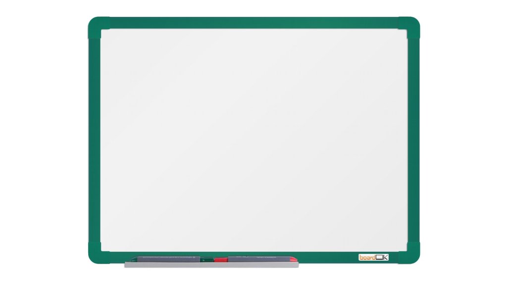 Biała tablica magnetyczna z wysokiej jakości powierzchnią emaliowaną (wypalaną w temperaturze 250°C). Powierzchnia przystosowana do pisania markerem, bardzo łatwa w czyszczeniu i utrzymaniu.
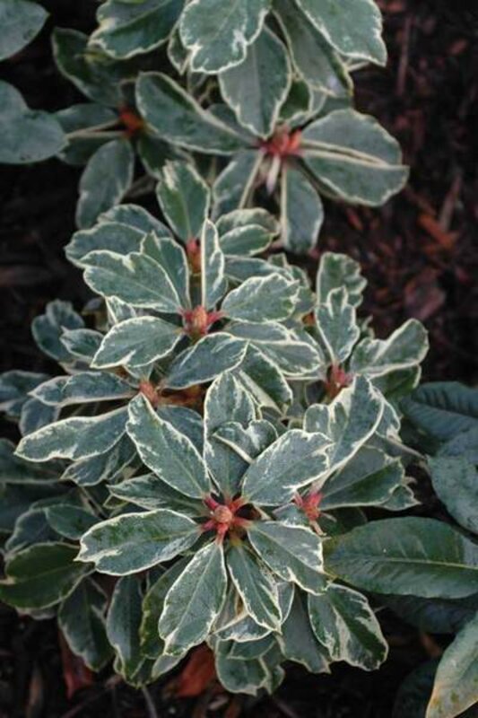 Rhododendron 'Unique Variegated' has a lovely rounded form, cream-colored flowers, and reaches five feet or taller in time. While the normal 'Unique' is known for having even, oval-shaped leaves with a refined, shiny appearance, 'Unique Variegated' has leaves that vary in shape, giving it a more textured look. [See first photo at left.]
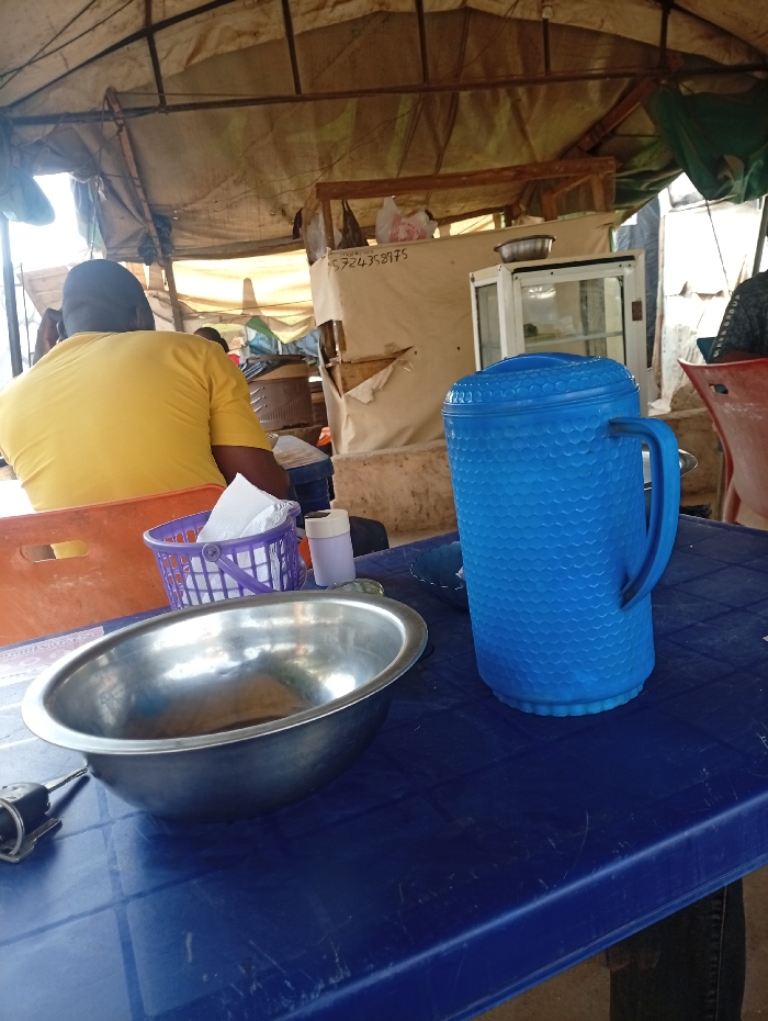 The scene depicts an informal outdoor or semi-outdoor eatery located in Abuja, Nigeria
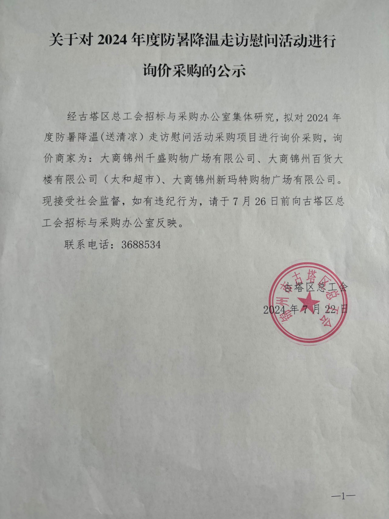 古塔区总工会关于对2024年度防暑降温走访慰问活动进行询价采购的公示
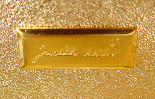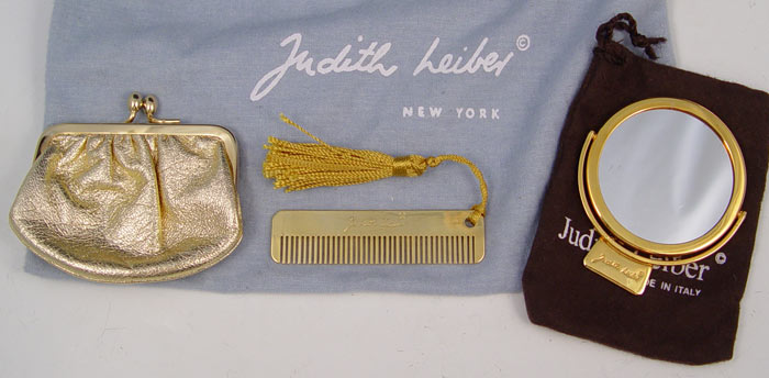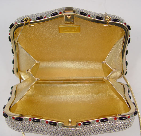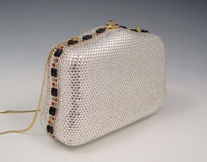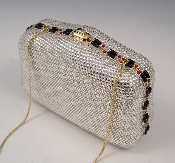JUDITH LEIBER CRYSTAL PURSE: Clear crystals with onyx, garnet and jade clasp. Includes the chain strap (note kinks), mirror, change purse and comb. 7 1/2'' long. Sold with the Judith Leiber felt storage bag.
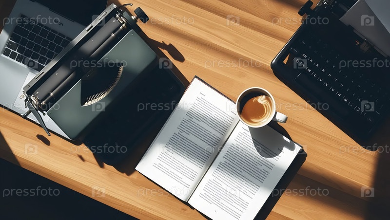 Искусство, ноутбук с чашкой кофе, Ai generated image Lat
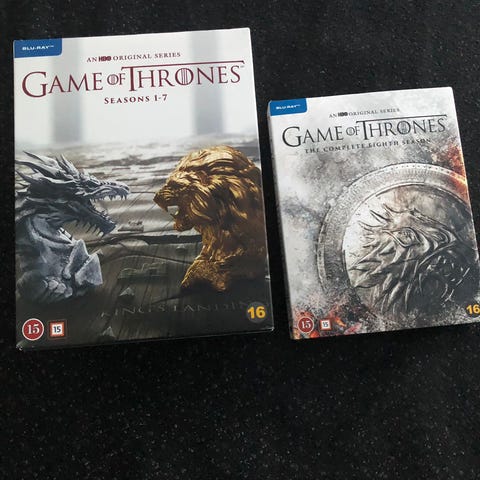 Levyt ovat teatterin omaisessa puulaatikossa. Kausien lisäksi extralevyjä. 33 bluray- levyä. Päällyspahvit ja alkuperäpaketti löytyvät siisteinä.
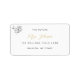 A simple but sophisticated, elegant and traditional yet chic and modern wedding return address label with modern gold script, made especially for the future bride. A single white rose and a small branch of eucalyptus leaves, drawn in graphite pencil, make a subtle and original decoration.
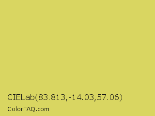 CIELab 83.813,-14.03,57.06 Color is a light yellow color and the nearest color is Booger Buster #dde26a. Hex code #d9d661 and RGB value is rgb(217,214,97). In RGB color space, this color is composed of 85% red, 84% green, 38% blue, In CMYK color space, this color is composed of 0% cyan, 1% magenta, 55% yellow , 15% black , In HSL color space, this color has a hue angle of 59° , 61% saturation and 62% lightness.
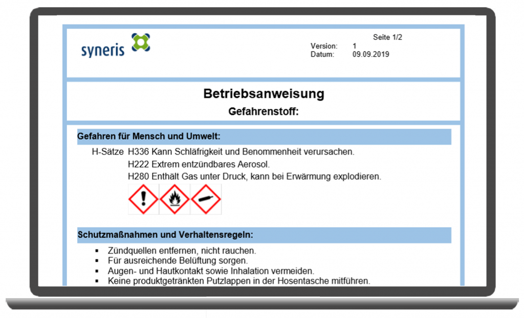 Operating instructions are automatically created in syneris and the working substances used are entered in the safety and health document.
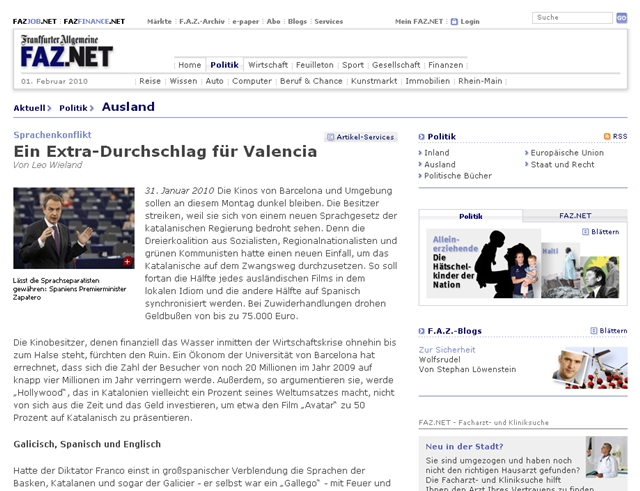 O 'Frankfurter Allgemeine Zeitung' analiza o 'problema lingüístico' no Estado Español, creado a raíz da "chegada dos nacionalistas aos gobernos rexionais".
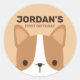 Pegatina Redonda Perro de Corgi con nombre personalizado
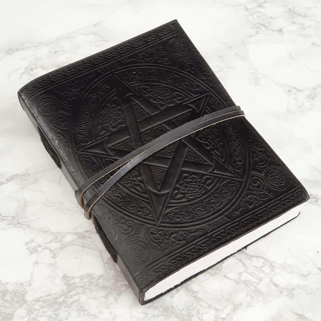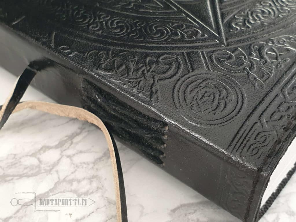 - This book can be closed and tied using a leather strap
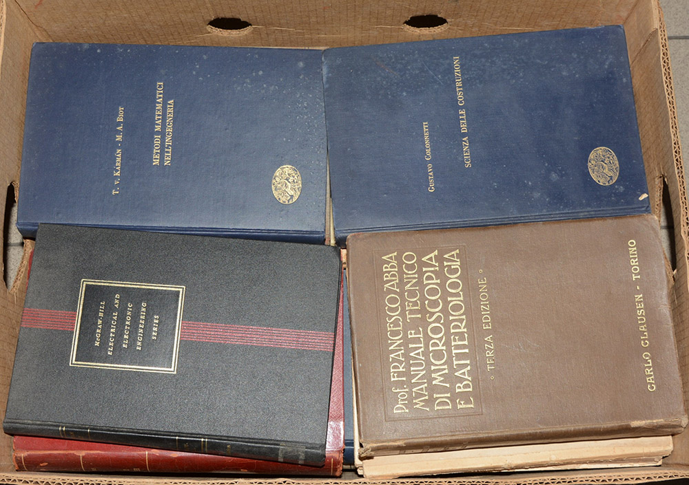 Cartone contenente volumi di argomento scientifico, fra cui ad esempio "Il manuale tecnico di microscopia e batteriologia" del Prof. Abba (lievi difetti).
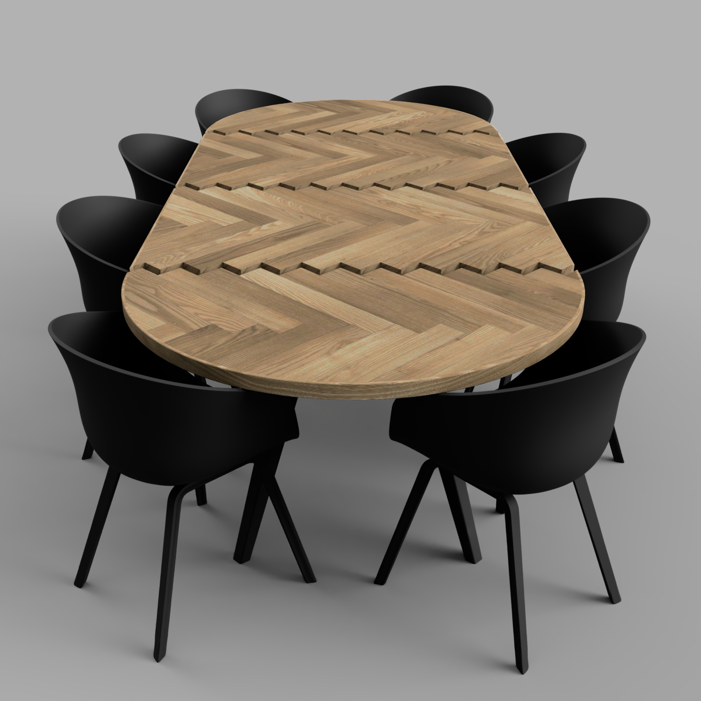 Unikt håndlavet spisebord i egetræ lagt i sildebensmønster.
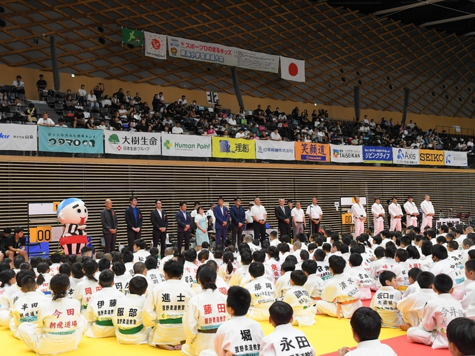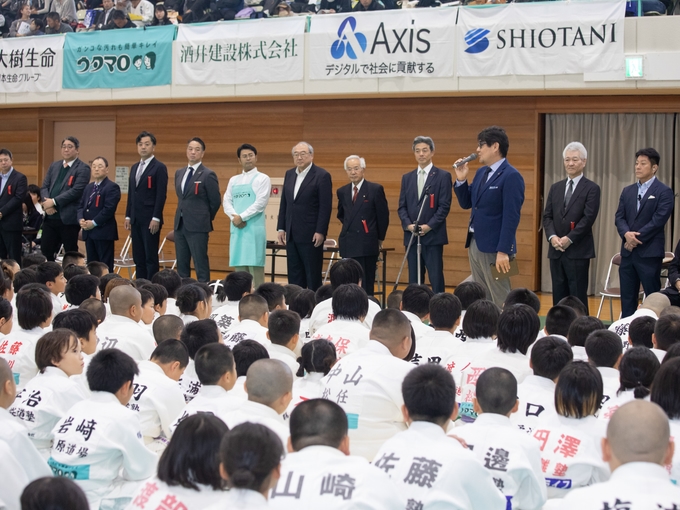 弊社協賛の上記大会が開催されました。大会には、秋田県から鹿児島県まで、16都道府県より647名の 親子が参加。試合以外にも特別講師・野村忠宏さんら5人の講師による柔道指導やコンテストなど大いに 楽しんでいただける大会となりました。
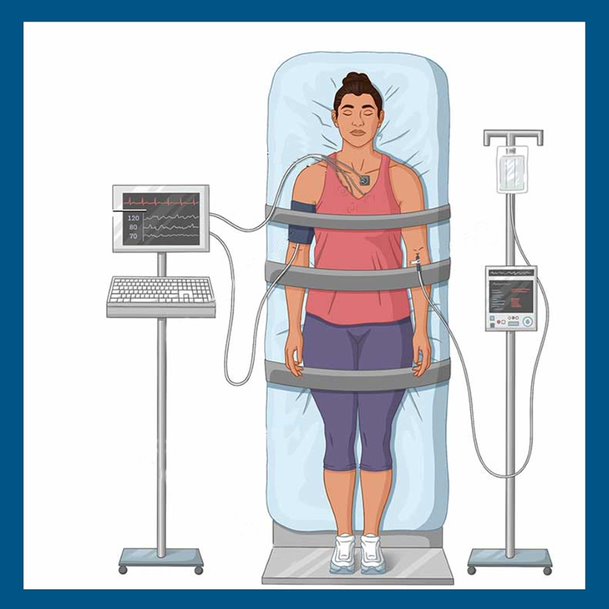 Patients are placed on a table with straps placed around their legs, midsection, and chest to secure them in place and connected for continuous EKG and blood pressure monitoring. The table is then tilted head up to mimic standing in a stationary position. A drug such as nitroglycerin may be used to enhance the possibility of the patient passing out. The test is used to evaluate patients who have unexplained passing out (syncope) dizziness etc.
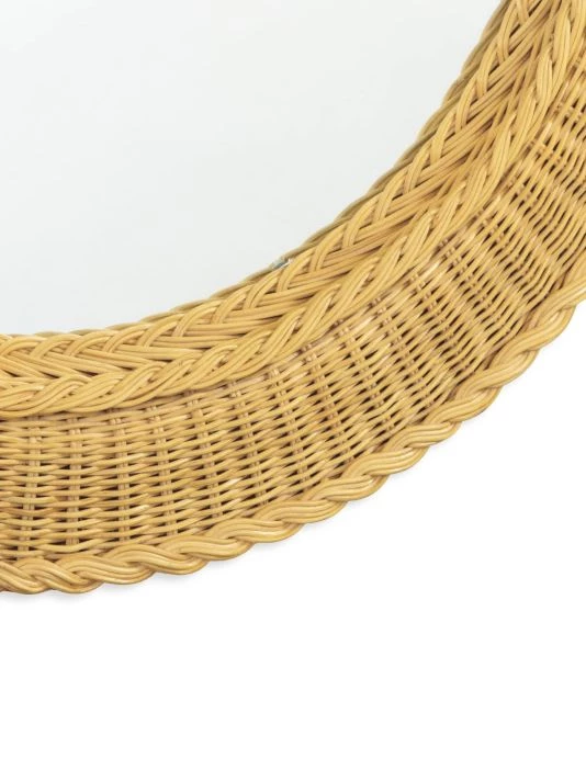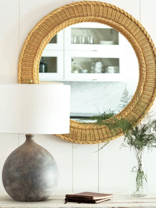 From the Coastal Chic Collection. The Pierre mirror has a beautiful, round basket-weave frame. Its wheat-colored frame has a coastal cottage charm and an organic appeal that would work well in a number of traditional settings. Add this mirror to a bathroom, powder room, in an entryway or bedroom.

....................

(About this exercise) Retype the lines above exactly as they appear, from the line containing "The scene depicts" through the line containing "JUDITH LEIBER CRYSTAL", and leave out any pictures.

(Solved problem)
 The scene depicts an informal outdoor or semi-outdoor eatery located in Abuja, Nigeria
 古塔区总工会关于对2024年度防暑降温走访慰问活动进行询价采购的公示
JUDITH LEIBER CRYSTAL PURSE: Clear crystals with onyx, garnet and jade clasp. Includes the chain strap (note kinks), mirror, change purse and comb. 7 1/2'' long. Sold with the Judith Leiber felt storage bag.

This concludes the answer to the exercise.